Catatan Semester Satu, 2025—Semester ini dimulai dari satu pertanyaan: Mengapa kehadiran kelas rendah? Jawabannya tidak sederhana. Hampir seluruh anak kelas 12 sedang bekerja, magang, atau menjalankan bisnis keluarga. Ketidakhadiran bukanlah “menghilang”, melainkan bagian dari pencarian hidup. Dalam konteks SALAM, belajar memang tidak terpusat pada kelas, tetapi pada peristiwa yang mereka alami di luar.
Peran fasilitator bergeser: bukan menyediakan materi, melainkan memfasilitasi ruang gerak, percakapan, dan kesempatan merekam pengalaman. Observasi dilakukan bukan hanya di ruang kelas, tetapi di kafe, rumah, angkringan—ruang-ruang informal tempat cerita mengalir dengan lebih jujur. Saya belajar bahwa laporan tertulis bukan “tugas”, melainkan alat komunikasi, penyimpan pengalaman, dan memori.

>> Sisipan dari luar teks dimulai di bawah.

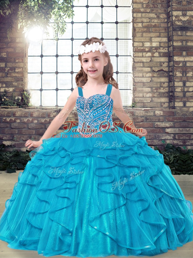 Super Beading and Ruffles Girls Pageant Dresses Blue Lace Up Sleeveless Floor Length
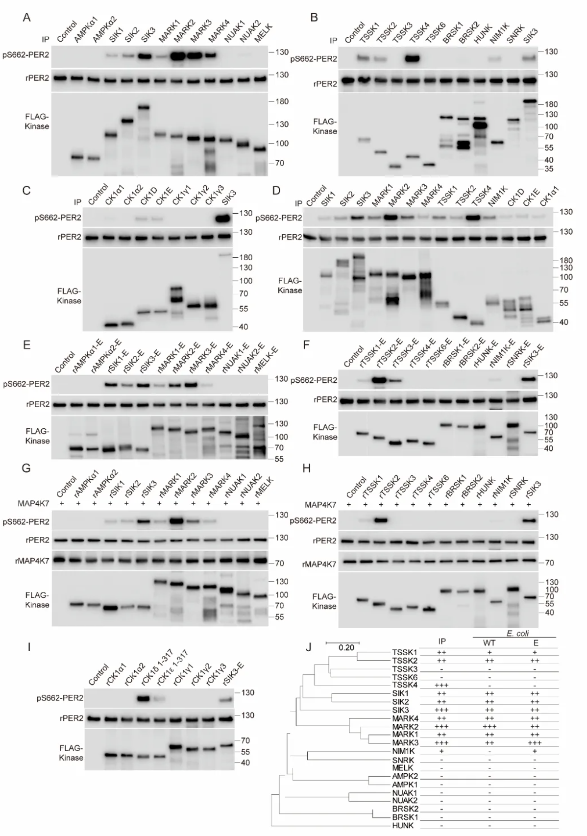 研究团队利用磷酸化S662特异性抗体,从50L HEK293细胞裂解液中,通过生物化学纯化技术鉴定出MARK2(属于AMPK相关激酶家族成员)是PER2 S662的新激酶。在细胞中过表达MARK2会增强S662磷酸化水平,而敲除MARK2则降低之;体外实验证实,细菌表达的MARK2的活化突变体直接磷酸化PER2的S662位点。
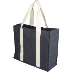 Bevásárlótáska 15 cm-es talpszélességgel és hosszú vászon fogantyúkkal. A farmer anyag 65% poliészterből és 35% pamutból készült. Egy nyomógombbal zárható. A farmer színtartóssága 2-3 szintig terjed. Anyaga: 280 g/m2.
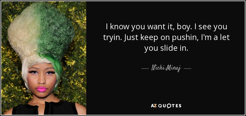I know you want it, boy. I see you tryin. Just keep on pushin, I'm a let you slide in.
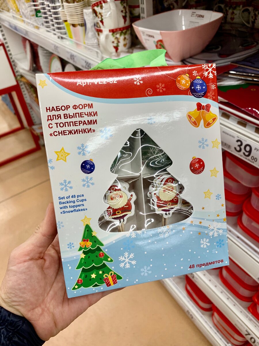 Привет! Наверняка Вы уже видели миллион статей с обзором новогодней посуды, игрушек и рецептов майонезных салатов😀. Я такое люблю, но в глазах уже рябит от золота и перламутровых переливов)). Как я поняла из увиденного - в Ашане нет ни одного толкового сервиза🤷♀️, который бы внятно выглядел и стоил, но в ёлочных украшениях им равных нет👍. А ещё меня очень порадовали такие вот штуки⬇️, которые я не могу выделить в отдельную группу🤷♀️. Если только по цене, а она у них не самая высокая - до 200₽⬇️. Подставка под горячее за 199₽. На мой вкус это вариант не для новогодней ночи, но для семейных зимних ужинов. Для сковородки с жареной картошкой, которую все домашние едят из одной посуды😅. Набор форм для выпечки с топперами за 159₽. Вообще в магазинах можно купаться в формочках для выпечки)). Но этот набор понравился тем, что в нем есть 24 формы для мелких кексов и 24 палочки с новогодними украшениями для этих же кексов. Кружка для зимнего кофе за 189₽. Может многим такой вариан
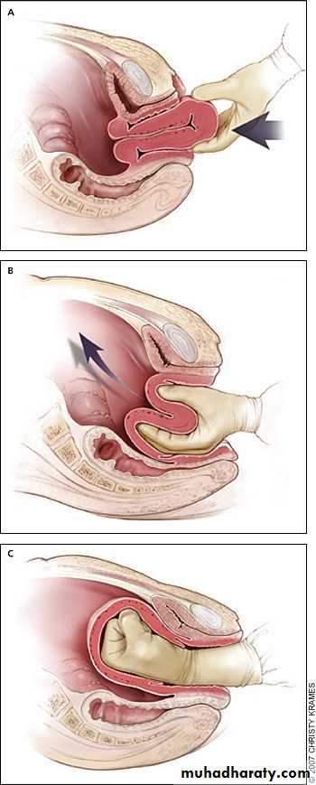 Immediate bimanual uterine compression, which may have to be continued for 20–30 minutes or more.
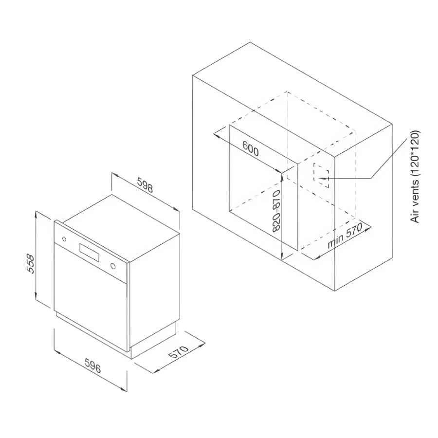 Kích thước (Rộng x Sâu x Cao): W598 x D570 x H820mm
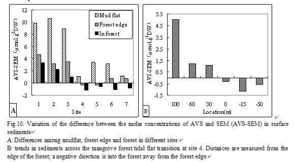 The distribution of acid-volatile sulfide (AVS) and simultaneously extracted metals (SEM) were studied in sediments collected from mangrove forest, forest fringe and adjacent mudflat in the Zhangjiang Estuary, China. The aim was to examine the spatial distribution of AVS and SEM in sediments of the Estuary and determine the influence of mangrove trees on AVS and SEM concentrations in the sediments. The results indicated that AVS concentrations in forest sediments were significantly lower than those in mudflat sediments. There was a significant positive correlation between AVS values and moisture contents in forest sediments, while LOI played an important role in AVS concentrations of mudflat sediments. In the forest sediment core, the peak value of AVS appeared deeper in the sediment profile compared to it appeared in the mudflat core. The distribution of SEM showed different trends from that of AVS, and potential toxicity existed in the upriver forest sediments.
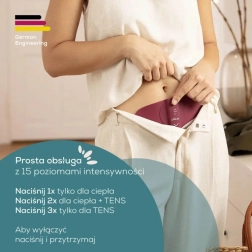 Gør menstruationsdagene mere komfortable med en kombination af TENS og skånsom opvarmning, der sammen reducerer smerteopfattelsen i underlivet. Enheden stimulerer nervefibre gennem huden, fremmer frigivelsen af endorfiner og giver effektiv og naturlig lindring uden medicin.
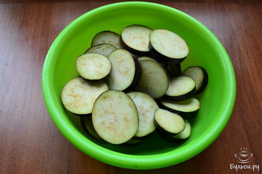 1. Баклажаны нужно порезать кружками, толщина которых должна составлять около 1 см, посыпать солью и дать постоять им 20 мин.
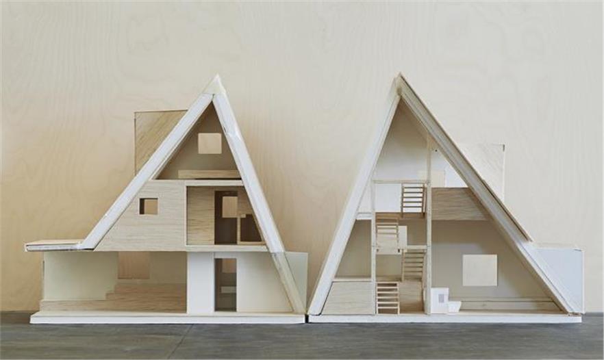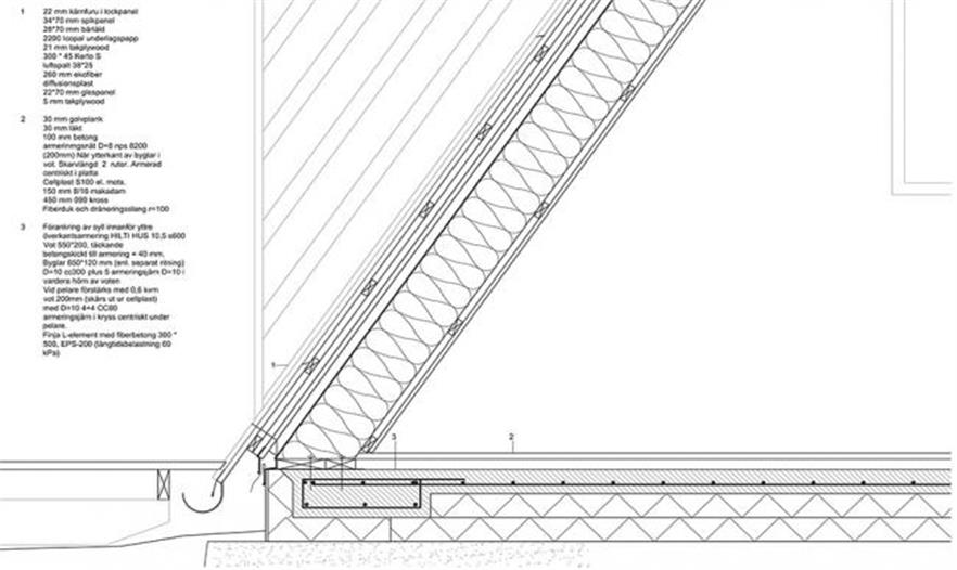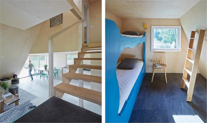 住宅從里到外都由木頭建成。屋內(nèi),天花板、墻壁和木板貼有一家關閉的木制拼圖工廠里的膠合板。門和窗戶是二手的,家具就地用膠合板制成。住宅架構由木制橫梁搭建而成,從底向頂形成一個A字形。屋頂和墻壁的材質是瑞典松樹。
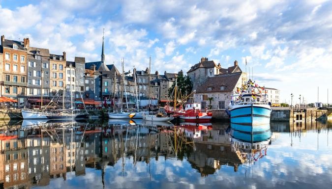 Переезд в Онфлер, прогулка по городу с сопровождающим, старый порт, деревянная церковь Святой Екатерины.

Mendengar, Mengamati, Menafsir
Sebagian anak mudah bercerita; sebagian lain memilih diam. Diam ini tidak netral—sering merupakan akibat sejarah didiamkan, ditegur, atau tak dipercaya. Mereka telah terlatih berkata “benar” agar percakapan cepat selesai. Karena itu “bertanya” tak cukup. Saya belajar mendengar melalui gerak, pilihan, antusiasme, dan penghindaran mereka.
Selama enam bulan saya mengamati: Di kelas ini, saya belajar membaca anak‐anak bukan dari apa yang mereka ucapkan, tetapi dari apa yang mereka lakukan tanpa diminta. Dari sana terlihat arah hasrat yang paling jujur: ada yang tiba-tiba memasak, ada yang konsisten datang ketika ada pekerjaan lapangan, ada pula yang pulang membawa data tanpa pernah diminta membuat laporan.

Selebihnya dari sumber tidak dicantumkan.